### Your objective
In the entries that follow, repeat exactly the lines from the one that has "Trendy and Elegant" through the one that has "這樣就完成了Product的", but omit pictures.

### Material for this exercise
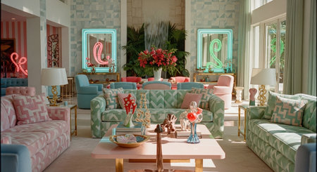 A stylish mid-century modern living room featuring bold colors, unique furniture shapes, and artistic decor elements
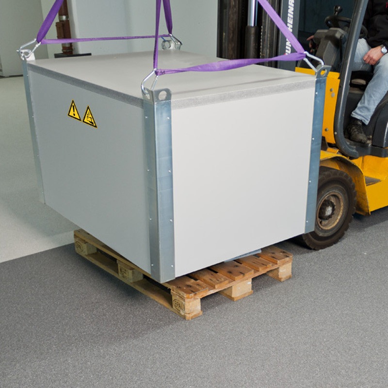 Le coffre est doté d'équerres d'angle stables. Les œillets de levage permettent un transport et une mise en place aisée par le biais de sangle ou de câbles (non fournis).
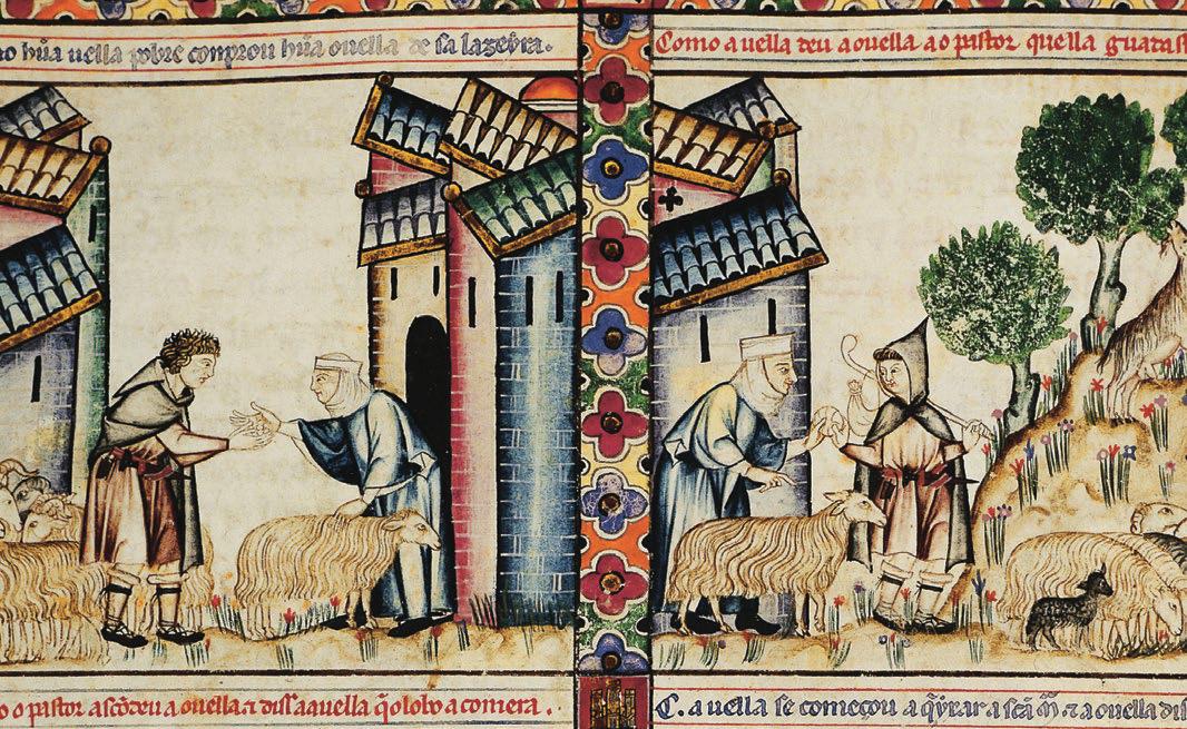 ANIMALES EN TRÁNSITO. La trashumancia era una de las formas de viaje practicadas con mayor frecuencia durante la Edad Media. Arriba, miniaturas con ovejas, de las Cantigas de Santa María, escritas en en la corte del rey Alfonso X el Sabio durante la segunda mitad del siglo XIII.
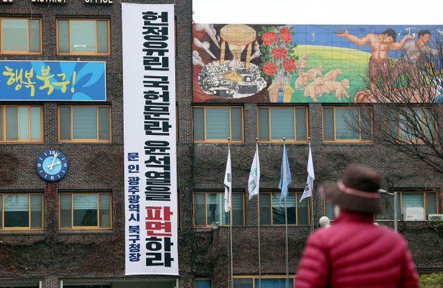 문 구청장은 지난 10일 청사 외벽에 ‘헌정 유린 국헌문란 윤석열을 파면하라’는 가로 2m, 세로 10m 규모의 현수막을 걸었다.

---

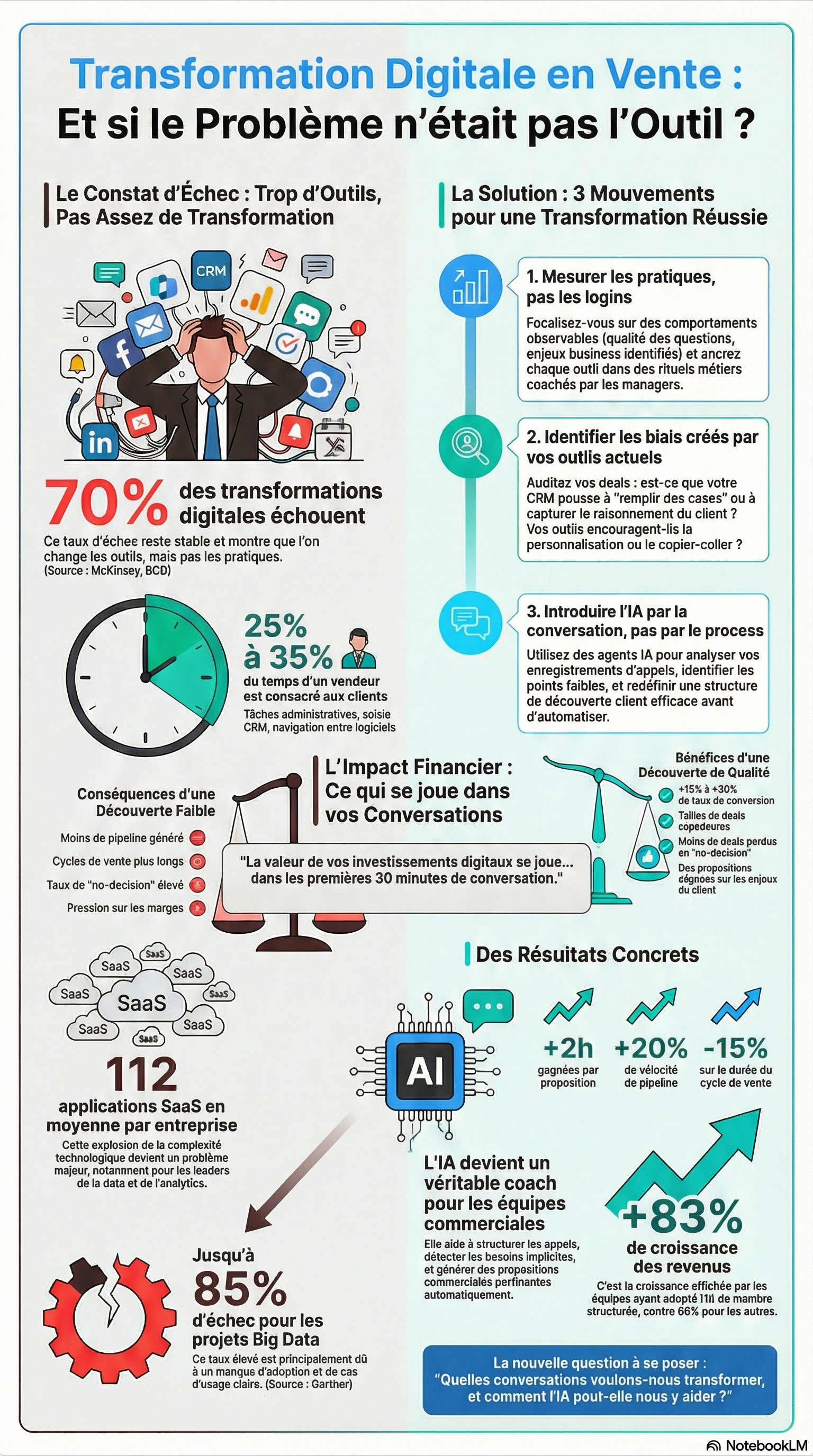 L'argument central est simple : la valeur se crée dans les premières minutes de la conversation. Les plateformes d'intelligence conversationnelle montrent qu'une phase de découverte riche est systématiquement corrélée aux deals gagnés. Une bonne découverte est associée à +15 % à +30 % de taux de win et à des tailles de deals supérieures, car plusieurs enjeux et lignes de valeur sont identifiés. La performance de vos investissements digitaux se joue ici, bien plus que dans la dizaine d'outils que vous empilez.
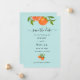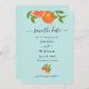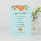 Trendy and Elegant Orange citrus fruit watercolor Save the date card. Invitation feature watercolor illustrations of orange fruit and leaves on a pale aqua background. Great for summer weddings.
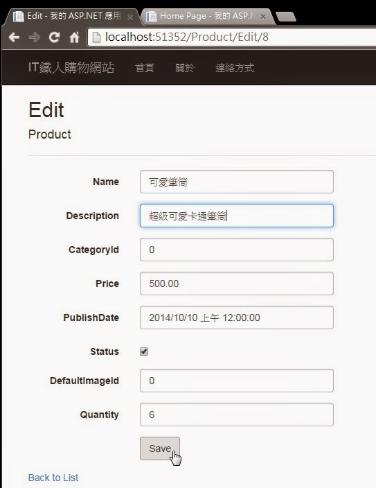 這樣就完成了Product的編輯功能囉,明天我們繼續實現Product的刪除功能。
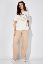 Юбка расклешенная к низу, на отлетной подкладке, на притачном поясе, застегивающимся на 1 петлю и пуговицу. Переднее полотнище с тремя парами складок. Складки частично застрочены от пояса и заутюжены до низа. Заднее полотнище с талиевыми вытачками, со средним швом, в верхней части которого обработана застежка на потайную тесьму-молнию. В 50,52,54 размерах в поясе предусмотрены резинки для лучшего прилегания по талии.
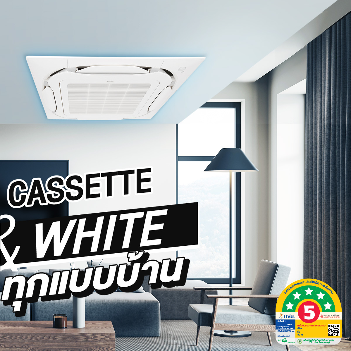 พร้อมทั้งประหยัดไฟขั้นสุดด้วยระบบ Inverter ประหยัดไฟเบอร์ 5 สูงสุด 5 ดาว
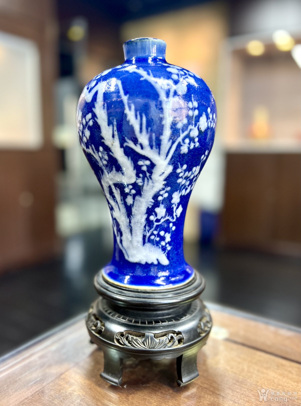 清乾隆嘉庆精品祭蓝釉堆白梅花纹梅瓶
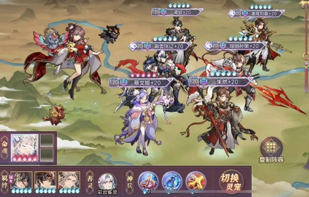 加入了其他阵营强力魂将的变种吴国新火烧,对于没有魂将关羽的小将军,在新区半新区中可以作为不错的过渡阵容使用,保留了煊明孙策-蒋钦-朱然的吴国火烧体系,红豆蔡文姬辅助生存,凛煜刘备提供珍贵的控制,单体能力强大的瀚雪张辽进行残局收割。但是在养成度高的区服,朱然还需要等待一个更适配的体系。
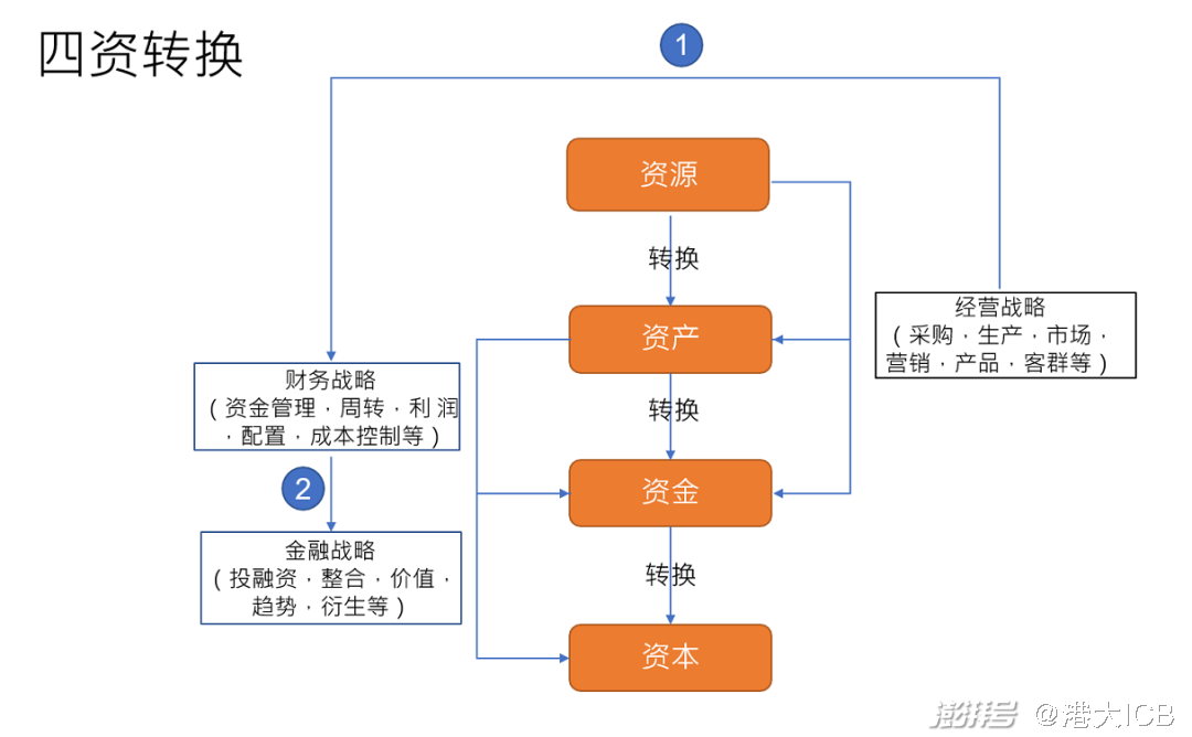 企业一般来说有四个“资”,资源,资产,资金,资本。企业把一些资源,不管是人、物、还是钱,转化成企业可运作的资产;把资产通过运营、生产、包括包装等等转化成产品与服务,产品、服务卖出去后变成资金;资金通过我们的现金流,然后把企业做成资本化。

* * *

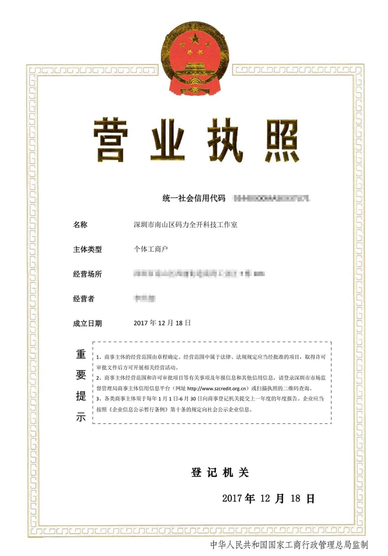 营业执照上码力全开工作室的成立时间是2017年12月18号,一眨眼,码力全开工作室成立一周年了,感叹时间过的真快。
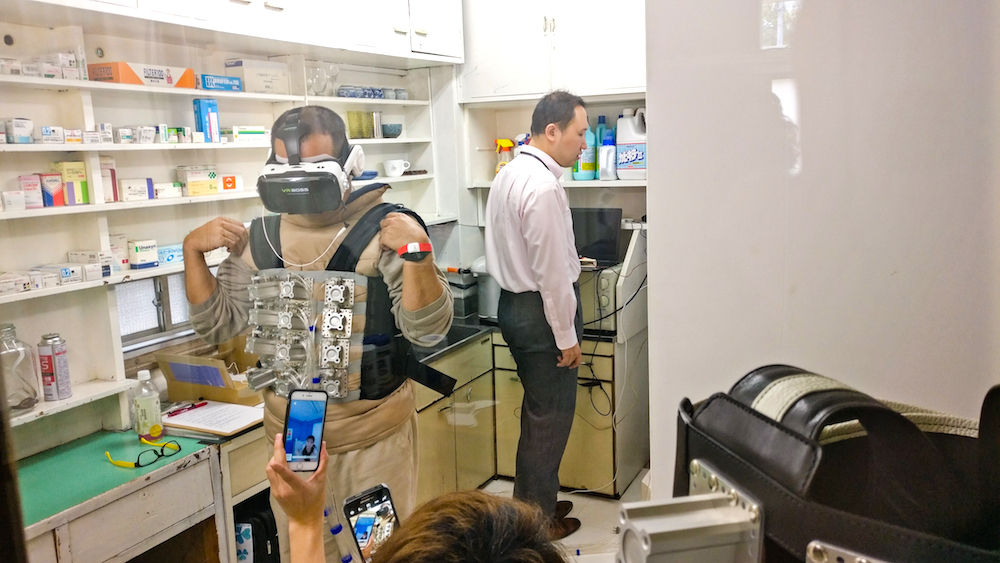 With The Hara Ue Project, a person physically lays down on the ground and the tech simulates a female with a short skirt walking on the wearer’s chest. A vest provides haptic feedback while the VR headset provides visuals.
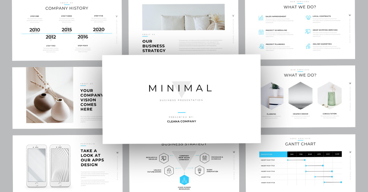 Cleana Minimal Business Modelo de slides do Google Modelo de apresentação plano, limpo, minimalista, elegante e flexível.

### Your response
 Trendy and Elegant Orange citrus fruit watercolor Save the date card. Invitation feature watercolor illustrations of orange fruit and leaves on a pale aqua background. Great for summer weddings.
 這樣就完成了Product的編輯功能囉,明天我們繼續實現Product的刪除功能。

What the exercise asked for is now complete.